Culture

Cultural Achievements

Guyana's cultural expression reflects its separate ethnic contributions and has a regional rather than a universal orientation. A number of its best-known novelists have lived abroad, including Edgar Mittelholzer, The Kwayana Family Trilogy, which focuses on one family through 350 years of Guyana's history; Christopher Nicole, Ratoon; Jan Carew, Black Midas; Roy Heath, Orealla; and E.R. Braithwaite, To Sir With Love, which details his experiences as a black high school teacher in a white London slum. His work was praised for its hopeful view of difficult race relations and became the subject of a major motion picture. Another prominent, avant-garde writer is Wilson Harris, The Palace and the Peacock. Additionally, Churamanie Bissundyal, a writer is also becoming better known in writing circles the world over. Among the country's outstanding poets are Martin Carter, Poems of Resistance, and A.J. Seymour, who wrote I Was Born in Georgetown. Denis Williams has gained fame as a painter, novelist, curator, and anthropologist. Philip Moore is well known for his wood sculptures, which show African influence.
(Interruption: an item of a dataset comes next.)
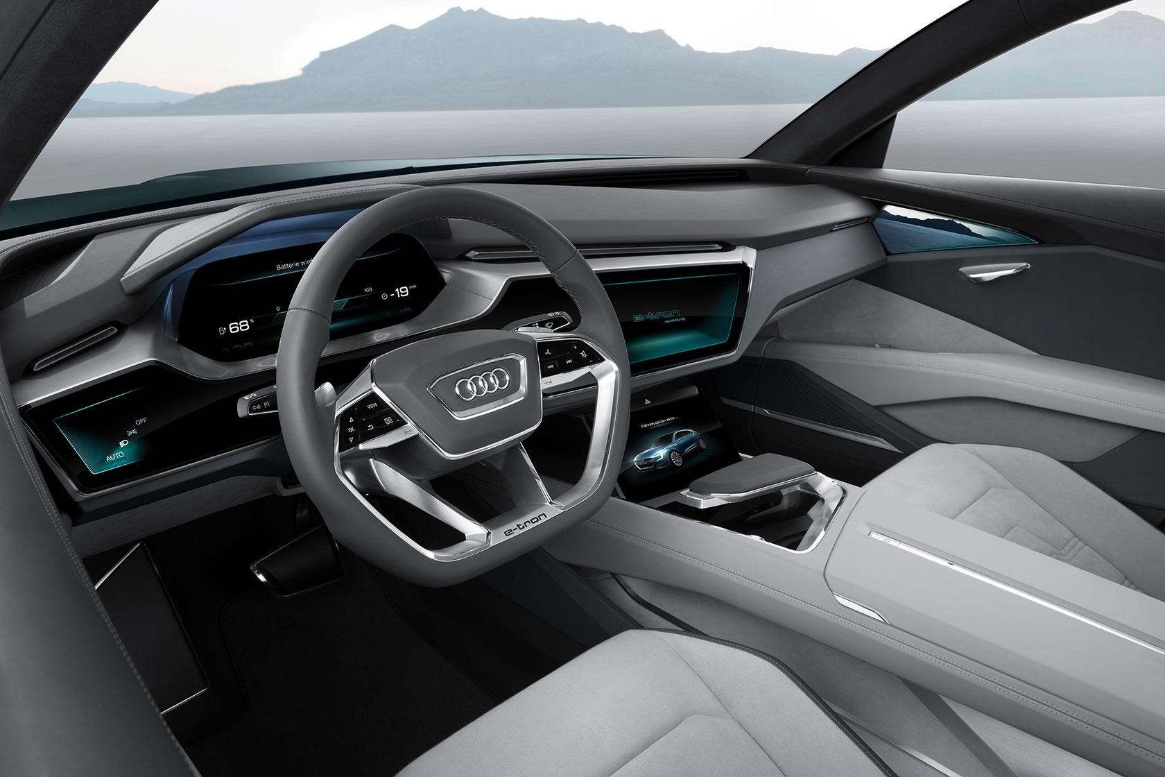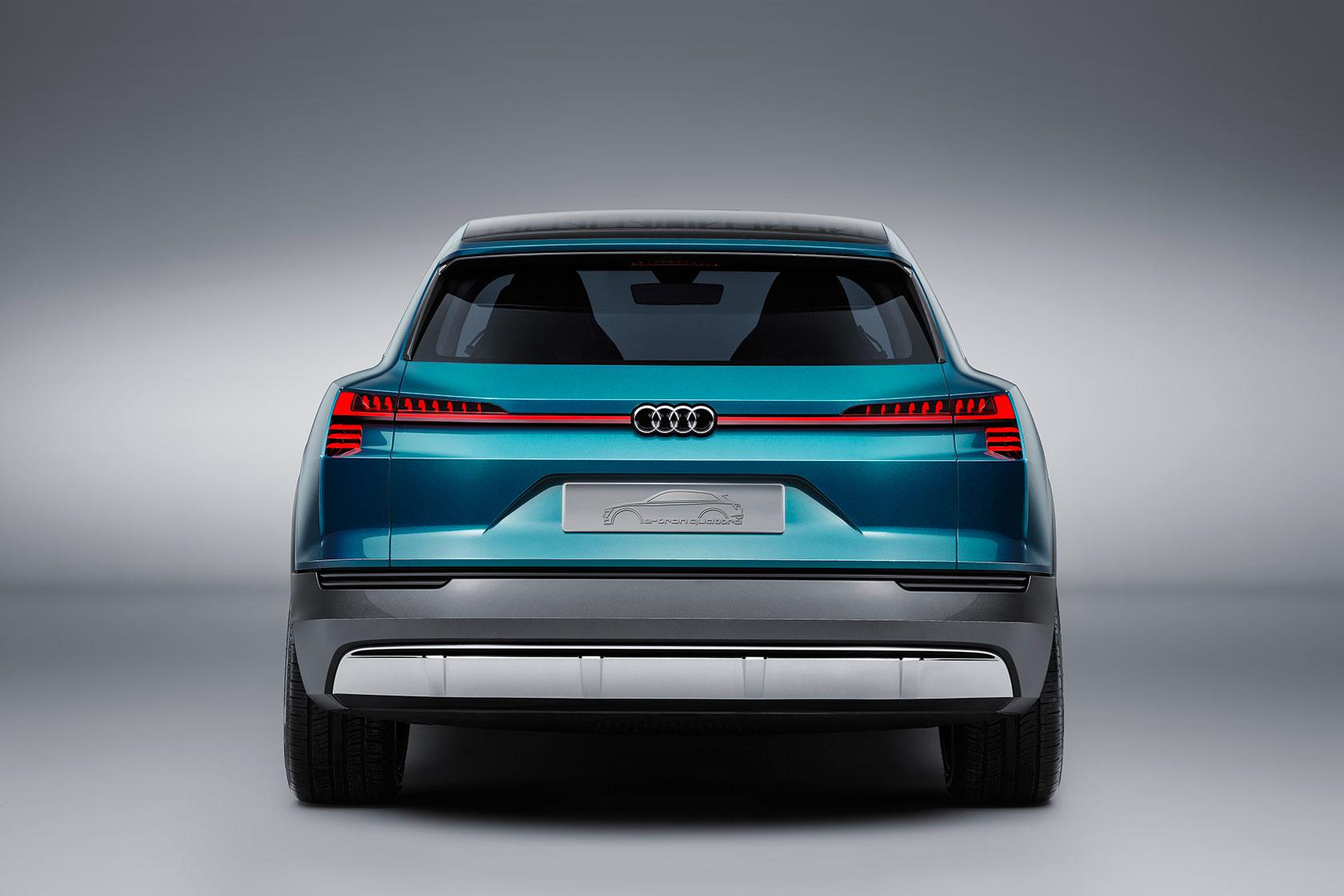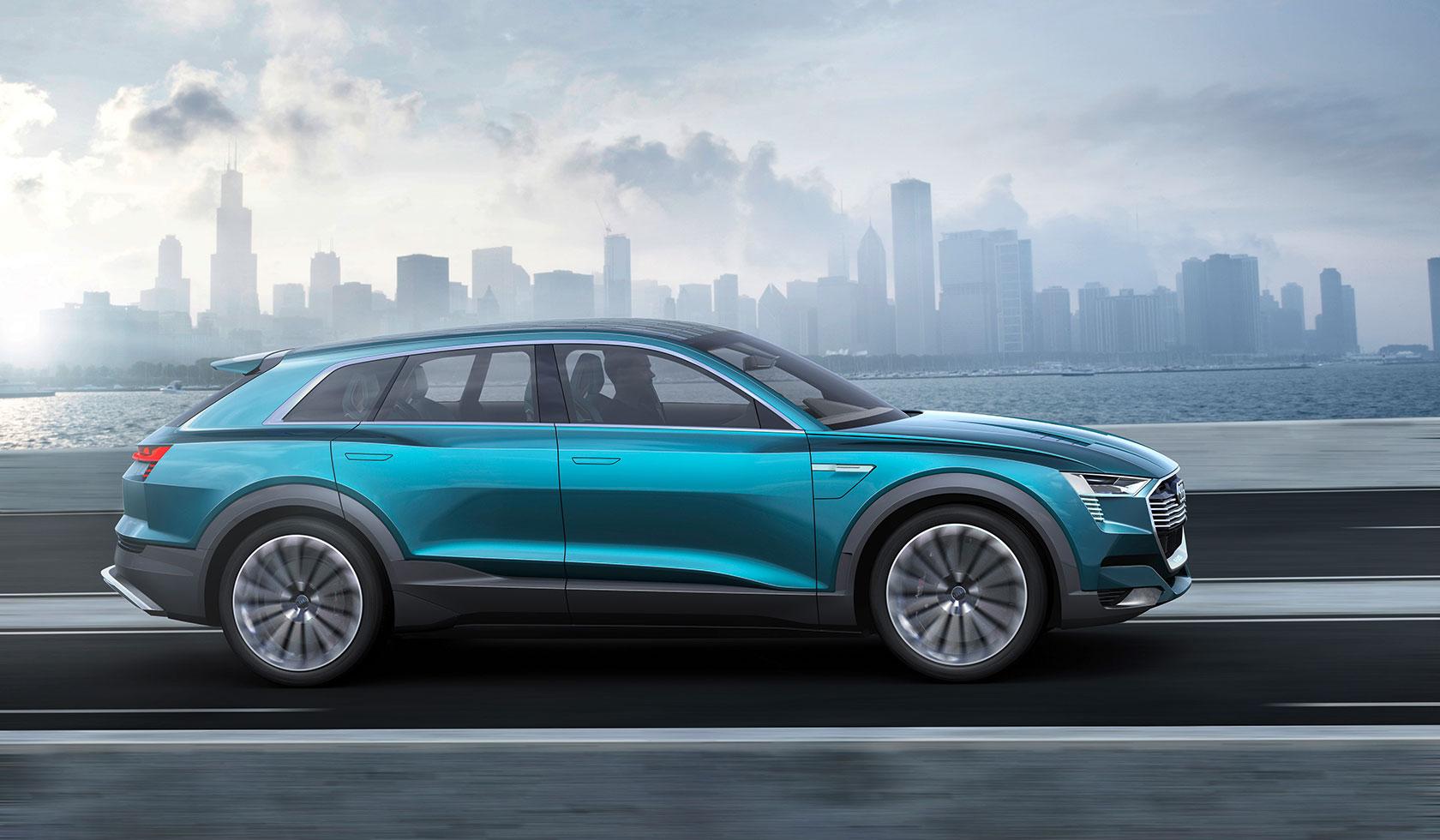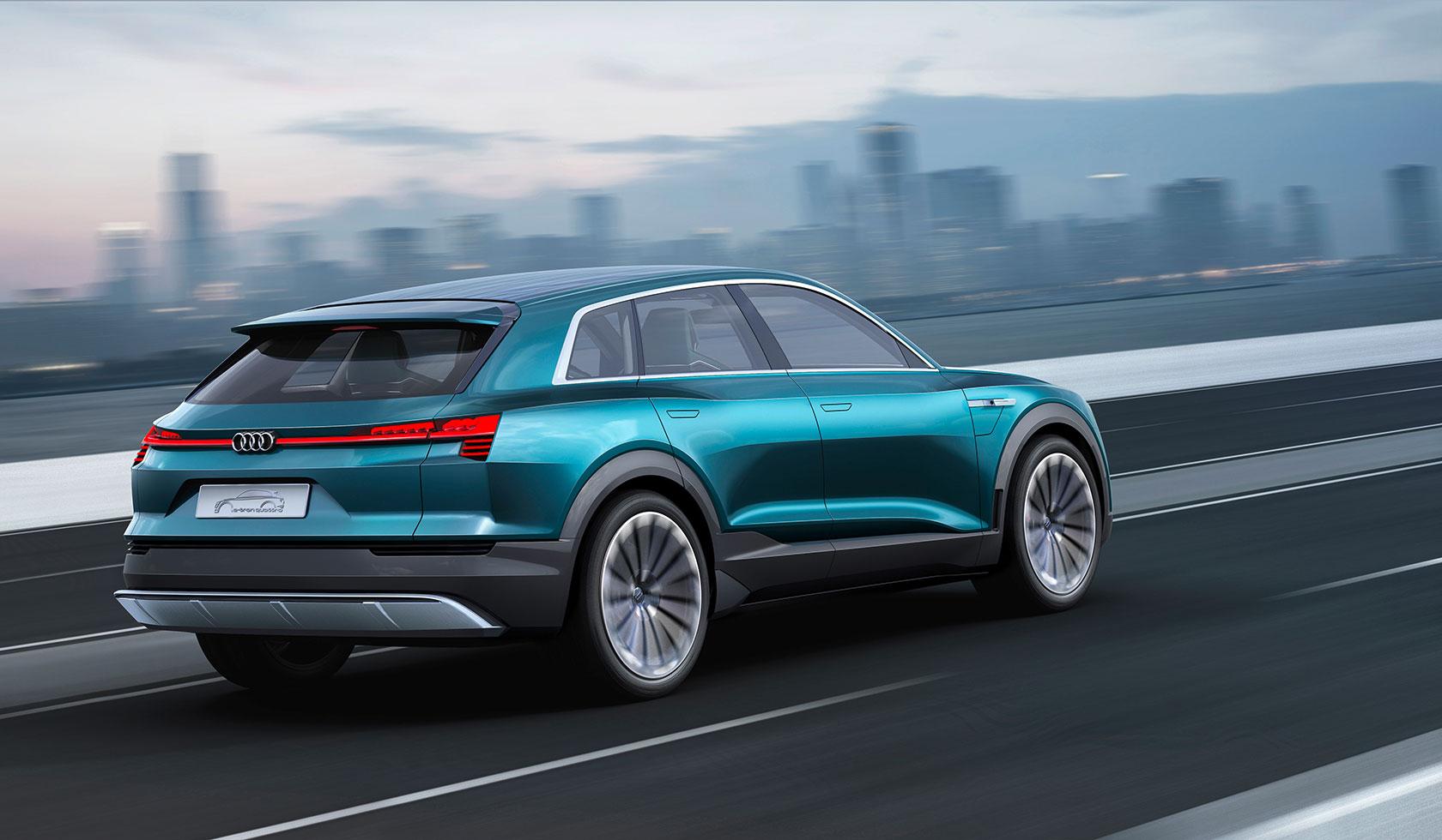 The Audi e-tron Quattro Concept vehicle has been shown in detail this week at the Frankfurt Auto Show 2015. This vehicle works with an electric drivetrain up to 370 kW and has a front-end electric motor, rear electric motors, and a liquid cooled lithium-ion battery with 95 kWh underneath.

Art takes many forms in Guyana, but its dominant themes are the Amerindians, the ethnic diversity of the population and the physical beauties of Guyana. The works of Stanley Greaves, Ronald Savory, Philip Moore and the late Aubrey Williams have been much in demand in the last two decades. Savory's works in particular have brought the hard-to-reach interior within view of urban dwellers.

The Guyana Theater Guild, active for more than 20 years, stages productions of Caribbean and US plays. Also popular in Guyana are steel drum bands and, particularly among Indo-Guyanese, East Indian classical music and dance.